In my last post, I shared: In regards to the friendship I’m currently in heartache over, I’ve come to realize – after much processing back and forth – that there is a way for me to keep my heart open to this person while also distancing myself from them.

Shortly after writing this, I came across a well-timed article on Twitter, entitled Why You Should Never Give Up on Anybody by Lodro Rinzler. Don’t you just love when things line up?

I clicked on the link right away and set to reading the article. Here it is, if you’d like to give it a gander.

I especially appreciated this segment from the article:

In the Buddhist tradition we refer to beings willing to keep their heart open no matter what as bodhisattvas. Bodhi is a Sanskrit word which can be translated as “open” or “awake.” Sattva can be translated from Sanskrit as “being” or “warrior.” It’s a person who is incredibly brave in maintaining an open heart, no matter what comes up in their life. This experience is something we can aspire to. The Zen master Seung Sahn once said, “Being a bodhisattva means when people come, don’t cut them off; when people go, don’t cut them off.”
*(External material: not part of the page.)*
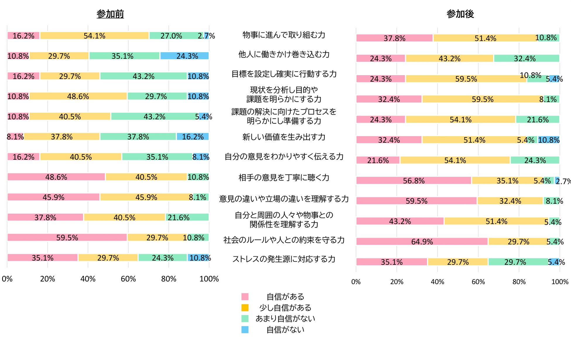 社会人基礎力で掲げられている項目をもとにアンケートを行った結果、ワークショップ参加前と参加後に「自信がある」と回答した数値に関して、ワークショップ参加前と参加後で、特に以下の項目において顕著な効果が見られました。

I was so enjoying this article – that is, until I got to the end, where Lodro shared this practice:

HOW TO NOT GIVE UP

Pema Chödron is an American Buddhist teacher who has written extensively about the pain of a broken heart and I can’t recommend her work more highly. Below I have adapted an exercise she has recommended. It starts by taking a photo of the person you are having a hard time with and displaying it prominently in your home. This may initially cause you discomfort. So much of heartbreak is staying with our discomfort.
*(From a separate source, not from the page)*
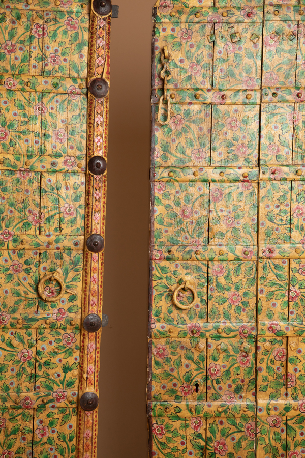 A hand painted antique wooden door with delicate floral details. Sourced from the antique markets of India.

Every time you walk by the photo look at the being you are struggling with and simply say, “I wish you the best.” If that rings hollow to you instead say, “I know you are basically good” or “You’re not a jerk all the time.” Whatever phrase you choose, make it personal, but some version of acknowledging that they are not basically evil. Do this several times a day, whenever your gaze falls on the photo. Let your heart soften over time.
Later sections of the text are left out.